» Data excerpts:

= Beginning of Section =

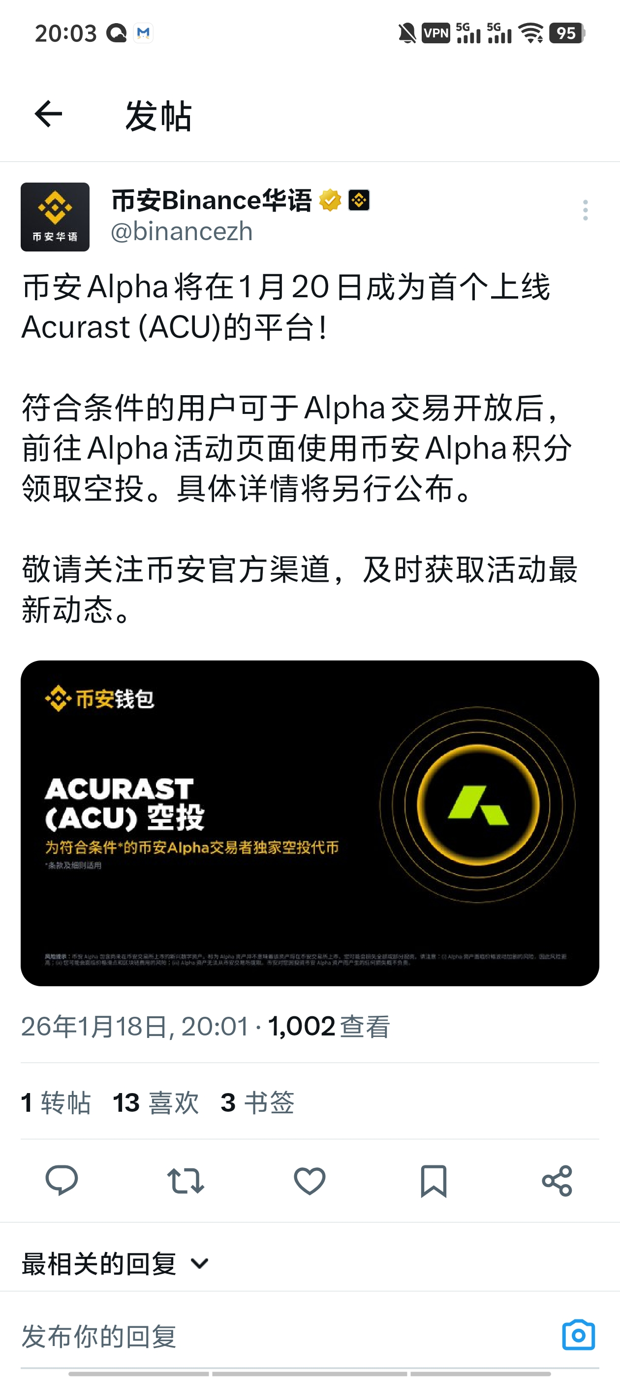 Interakcja Binance Alpha została dziś zakończona.
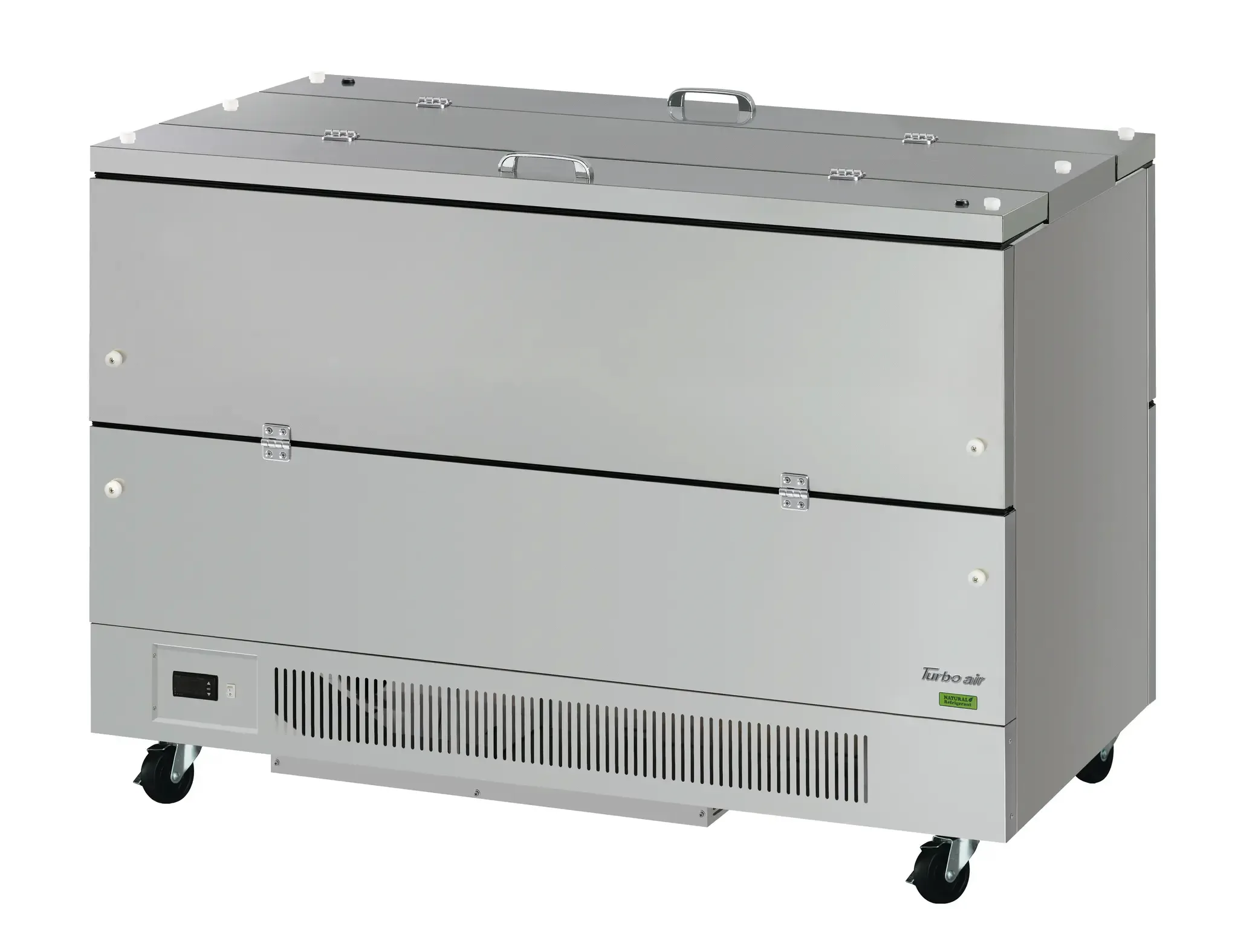 Built for maximum capacity and professional durability, the TMKC-58-2-SS-N6 holds 16 milk crates (21.98 cu. ft) and features dual-sided locking doors, flip-up lids, and cold wall refrigeration for reliable cooling. Its stainless steel interior and exterior ensure long-lasting use, while digital temperature monitoring and R600 refrigerant deliver precision and efficiency. Certified ENERGY STAR®, it’s perfect for high-demand foodservice operations.
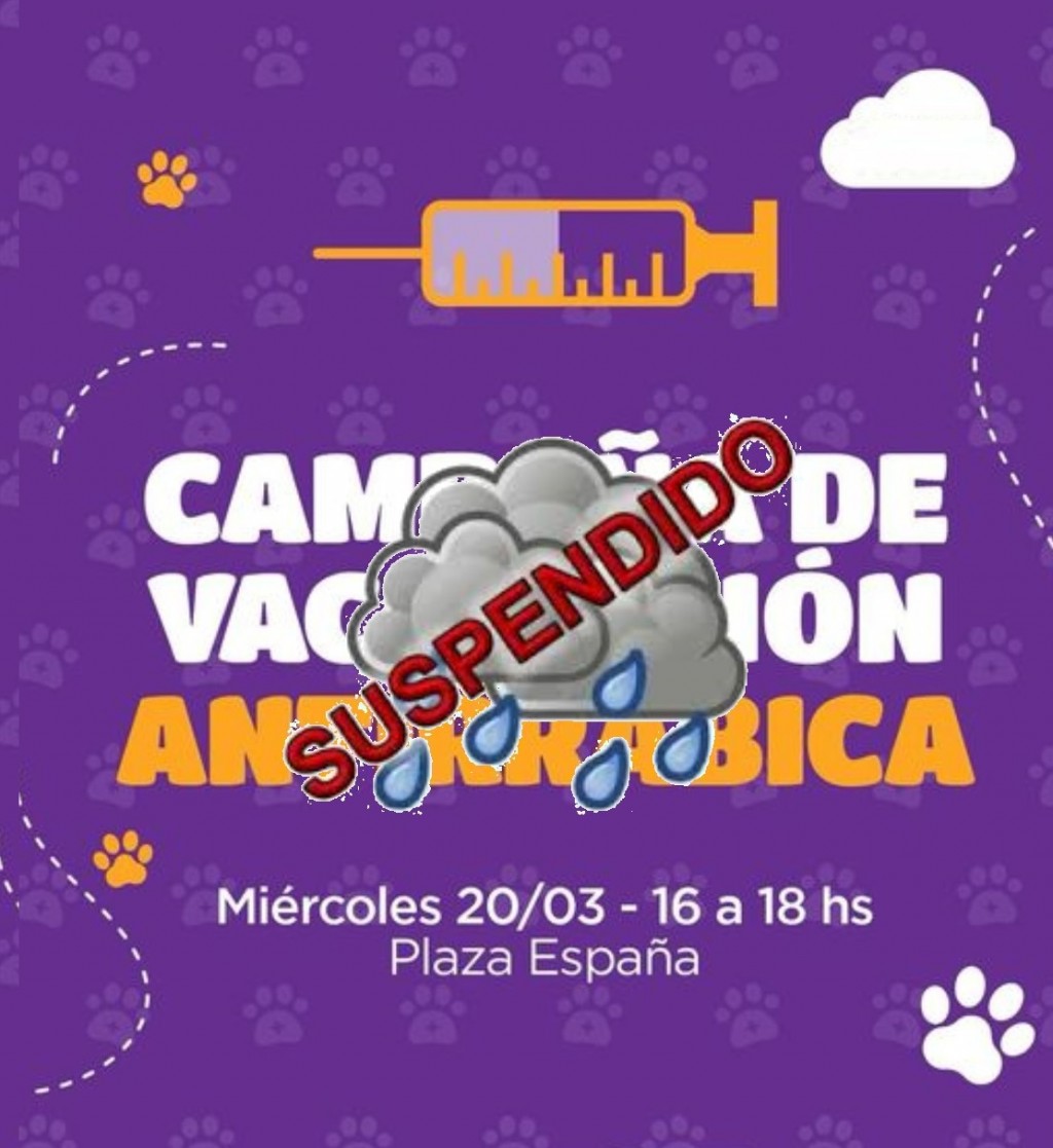 La jornada gratuita de vacunación antirrábica, que se iba a realizar esta tarde, se postergó para el próximo miércoles 27 de 16 a 18 en la plaza España debido a las condiciones climáticas adversas. La vacuna es obligatoria y se debe colocar de forma anual a fin de prevenir la enfermedad. AUDIO: GONZALO BRUTTI - Dir. Gral. de bromatología y zoonosis
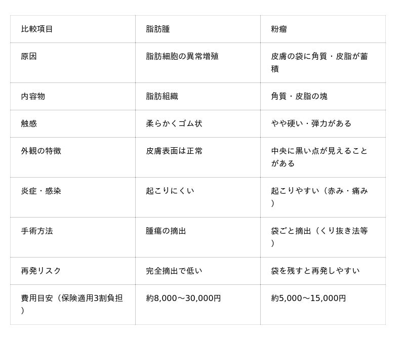 脂肪腫と粉瘤の違い
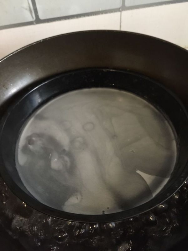 锅烧开水保持小火,准备一个不锈钢盘,舀一勺粉浆入盘中,转匀(布满盘疷就行),等液体变白,倾斜盘子,让沸水流入盘中。
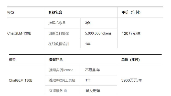 比如智谱就是类似的模式,其在官网披露了同款服务,虽然现在只写着千万和百万。不过,在2023年,智谱的商业版本部署价格大概如下。
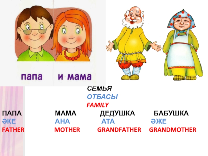 СЕМЬЯ ОТБАСЫ FAMILY ПАПА МАМА ДЕДУШКА БАБУШКА ӘКЕ АНА АТА ӘЖЕ FATHER MOTHER GRANDFATHER GRANDMOTHER
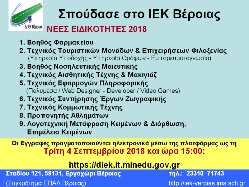 Νέες ειδικότητες στο Δημόσιο ΙΕΚ Βέροιας
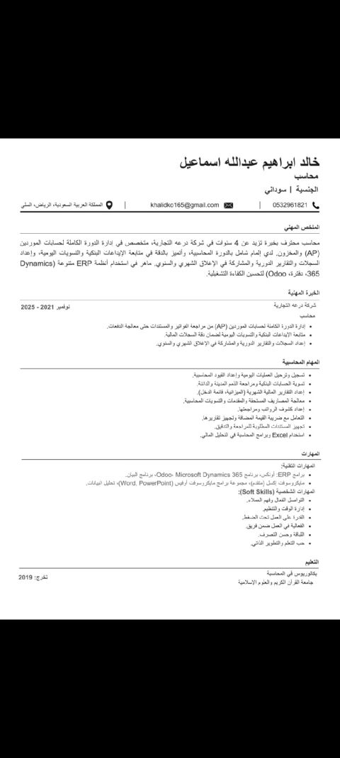 مهندس ميكانيكا بخبرة 9 سنوات، خبرة داخل المملكة مع الهلال الأحمر السعودي كمدير مرافق، كما عملت مهندس تنفيذ أعمال MEP، خبرة قوية في تشغيل وصيانة المرافق وأنظمة HVAC وFire fighting وPlumbing، ولدي خبرة في إدارة الورش المركزية وصيانة المعدات بالمقاولون العرب. متواجد في الرياض وجاهز للانضمام فورا

= End of Section =

» TASK: Reproduce exactly the entries from their first line through the line containing "Built for maximum", including both, and omit any pictures.

» EXERCISE ANSWER:
 Interakcja Binance Alpha została dziś zakończona.
 Built for maximum capacity and professional durability, the TMKC-58-2-SS-N6 holds 16 milk crates (21.98 cu. ft) and features dual-sided locking doors, flip-up lids, and cold wall refrigeration for reliable cooling. Its stainless steel interior and exterior ensure long-lasting use, while digital temperature monitoring and R600 refrigerant deliver precision and efficiency. Certified ENERGY STAR®, it’s perfect for high-demand foodservice operations.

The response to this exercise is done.